Extracting meaning from online reviews is key to turn seemingly anecdotal reviews into actionable customer satisfaction insights that point to improvement opportunities or authentic, and potentially differentiating strengths. One way to do that is to apply machine learning to automatically read customer reviews and identify the most relevant topics that are the subject of the review. With this information, you can find themes in what customers are saying about a business across thousands of reviews and then help businesses identify areas in which they are receiving a disproportionate number of negative reviews so that they can focus operational efforts on these areas and improve customer experience as well as their online reputation.
We have been working for a while on several approaches, models, and data sets to extract topics and categories from customer reviews with a high precision. In this post I will give an overview of a few neural network models that provide satisfactory results for physician-related reviews. To start, we built a taxonomy of categories that are relevant to physician reviews looking both at clinical patient experience topics from standard patient assessment surveys designed by CMS (Center for Medicare and Medicaid Services) as well as non-clinical topics related to parking, technology/amenities, and cleanliness that are commonly referred to in physician reviews. Then we gathered training data by having a group of crowd-sourced individuals tag a set of 10,000 reviews with the following categories (this is the subject of an upcoming blog entry):
- Administrative Process
- Bedside Manner
- Getting an Appointment
- Likely/Unlikely to recommend
- Staff Courtesy
- Price/Billing issues
- Wait Time
Given this training data, we used a biologically-inspired variant of Artificial Neural Networks to build a classifier that automatically assigns categories to online physician reviews. These neural network classifiers are based on how an animal’s visual cortex processes and exploits the strong spatially local correlation present in natural images. Those models are generally used for image recognition, but are being increasingly used in other fields, especially text classification. Given the promising results documented in this space, we decided to evaluate Convolutional Neural Networks (CNN) and Recurrent Neural Networks (RNN) with respect to our classification problem.
After an initial trial, we decided to focus our implementation on CNN models as they execute faster, are easier to understand, and had comparable results to RNN.
Principle of CNNs
The starting point of our CNNs was to represent a review by a matrix where each row is a vector that represents a word.

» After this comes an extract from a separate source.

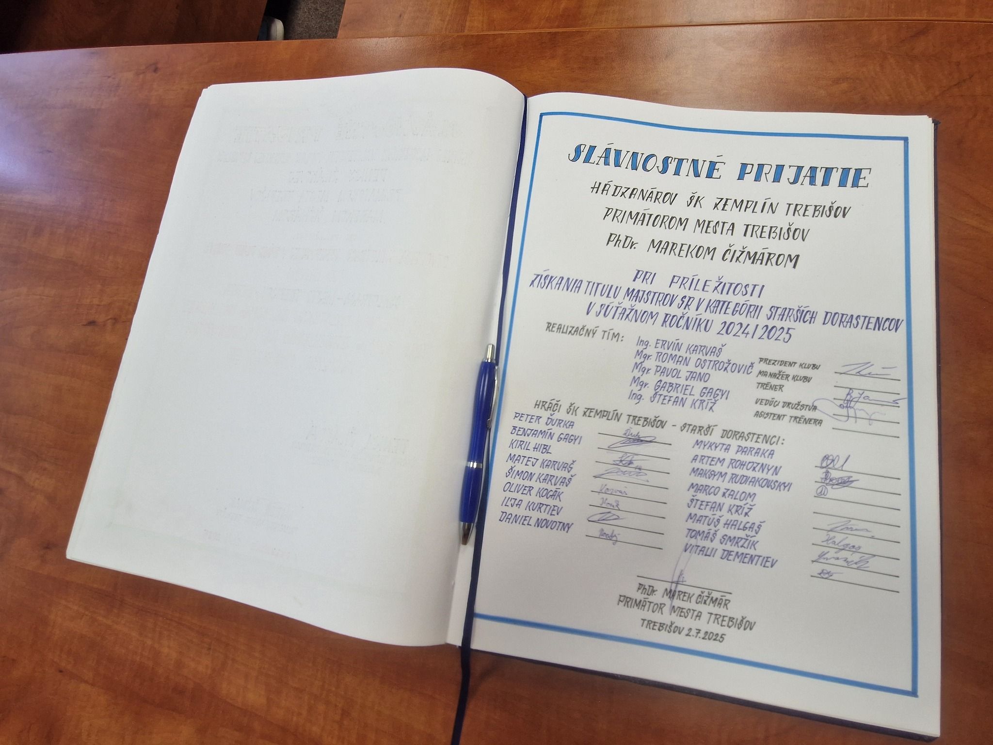 Vynikajúca sezóna, zakončená ziskom ligového titulu majstrov Slovenska v hádzanej v kategórii starších dorastencov a poďakovanie za výbornú reprezentáciu klubu, mesta a regiónu boli dnes spoločným menovateľom oficiálneho prijatia majstrovského tímu ŠK Zemplín Trebišov primátorom mesta Marekom Čižmárom na Mestskom úrade v Trebišove.

This vector could be low-dimensional representations or one-hot vectors that index words into a vocabulary. Given this vector, you can then apply several convolutional filters on groups of rows followed by a 1-max pooling (the largest number from each feature map is recorded) in order to extract the meaning of the group of words considered at the beginning. Finally, a softmax layer is applied to generate assessed probabilities of the review belonging to each class.
CNN Implementation Approach
We generated a CNN model for each category independently broken into two classes: reviews that belong to this category and reviews that do not.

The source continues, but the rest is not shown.